Quel sens et quelle pérennité accorder aux produits de l'artisanat "équitable" ? Partant souvent de bonnes volontés, ils mettent parfois, comme nous pouvons parfois le constater, des populations dans de faux espoirs : nos goûts changent, les modes passent, etc. Cela est notamment vrai dans le domaine de l'artisanat pour lequel il n'y a pas de contrôles, indépendants, seulement de belles photos de natifs souriants, des promesses, de belles chartes, etc.

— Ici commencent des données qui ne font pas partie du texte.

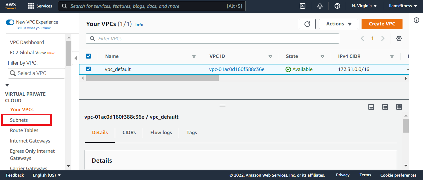 Before we create the EC2 instance, we will configure our default VPC (Virtual Private Cloud) so that it will be easier to work with moving forward. The VPC will allow us to launch resources in an isolated virtual network.
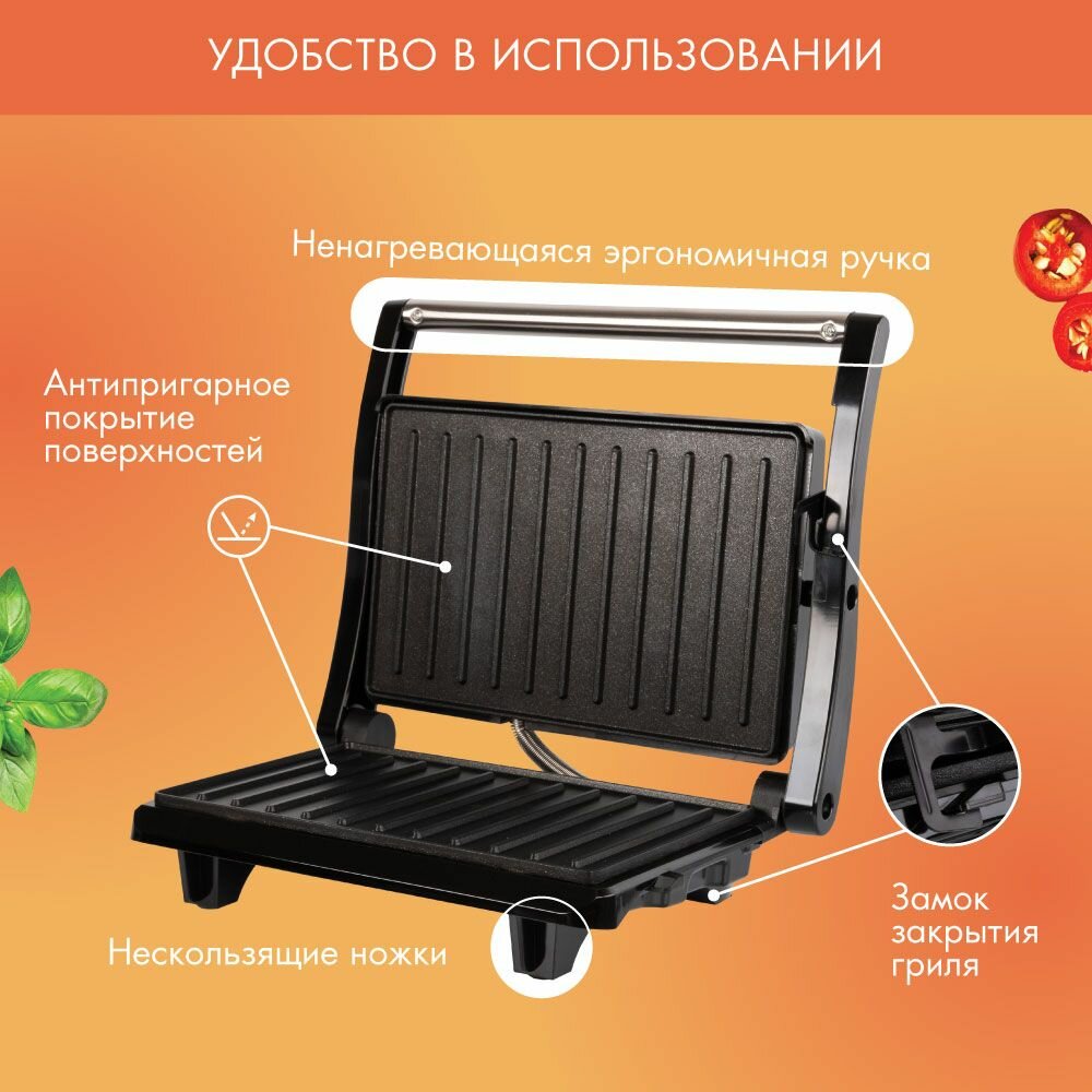 Гриль электрический со съемными панелями ENDEVER GRILLMASTER-245 / 5 авторежимов / открывается на 180 градусов
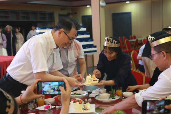 姜波理事长代表学校为各位寿星老师们送上真挚的生日祝福,他讲到今年上半年学校各项工作取得的成绩,离不开老师们的辛勤付出,希望大家在新的学期勇于突破创新,取得更大的辉煌。
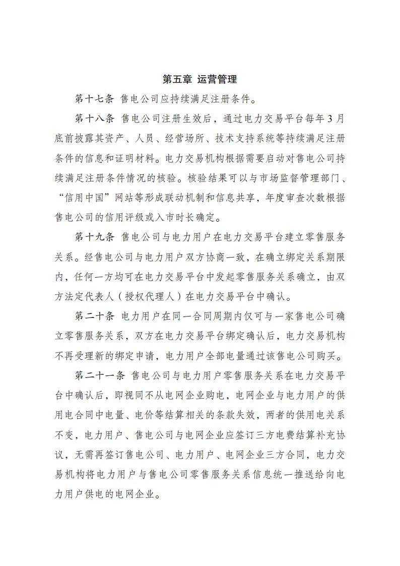為貫徹落實《中共中央、國務院關于進一步深化電力體制改革的若干意見》(中發(fā)〔2015〕9號)和電力體制改革配套文件精神,國家發(fā)展改革委、國家能源局制定了《售電公司管理辦法》,現(xiàn)印發(fā)給你們,請按照執(zhí)行。《國家發(fā)展改革委、國家能源局關于印發(fā)<售電公司準入與退出管理辦法>和<有序放開配電網(wǎng)業(yè)務管理辦法>的通知》(發(fā)改經(jīng)體〔2016〕2120號)中《售電公司準入與退出管理辦法》廢止。
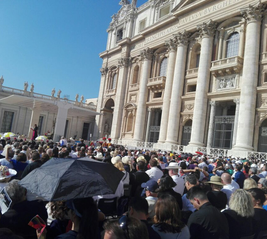 Para llegar a la plaza de San Pedro hay que pasar dos controles. Un anillo externo, en el que debe presentarse el pasaporte entregado por la Santa Sede para avanzar a la audiencia, y luego uno más, bastante tedioso, pues hay scaners con detectores de metal, igual que en los aeropuertos. Esto obliga a pasar los objetos por fuera del arco, siempre con la mirada celosa de las fuerzas de seguridad, lo que resulta el cuello de botella en las largas filas de la multitud. Luego de los controles, entonces sí aparece la inmensidad de la Plaza de San Pedro.
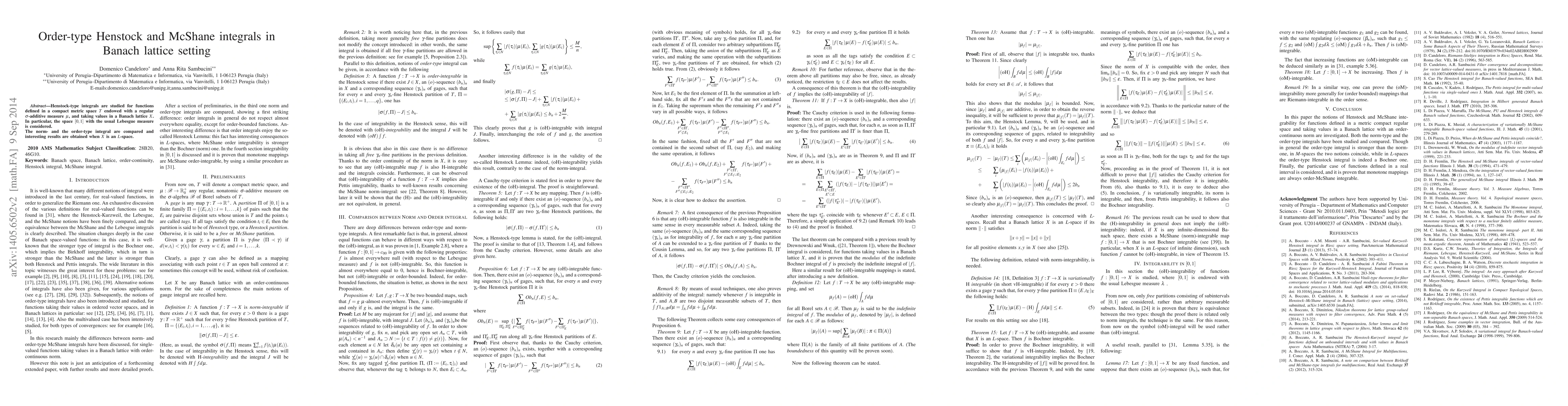 We study Henstock-type integrals for functions defined in a compact metric space $T$ endowed with a regular $\sigma$-additive measure $\mu$, and taking values in a Banach lattice $X$. In particular, the space $[0,1]$ with the usual Lebesgue measure is considered.

C. Jacquiau, dans un article du Monde diplomatique de septembre 2007, fait la même remarque concernant le commerce pourtant "labellisé" du café équitable :
En l’état actuel, aucun label, aucune réglementation n’apportent de garanties officielles aux consommateurs d’équitable, qui doivent s’en remettre à la confiance qu’ils placent dans les acteurs du secteur. Le terme « label » ne peut en effet être utilisé qu’à la condition de répondre à une triple exigence : disposer d’un cahier des charges soumis à des contrôles indépendants, certifiés par un organisme lui-même indépendant et agréé par les pouvoirs publics.
Voici un extrait de mon livre sur l'enjeu du commerce des graines pour les populations :
Va-t-on un jour se procurer des graines et des bijoux végétaux au supermarché ? Quels sont les enjeux de cette mondialisation ?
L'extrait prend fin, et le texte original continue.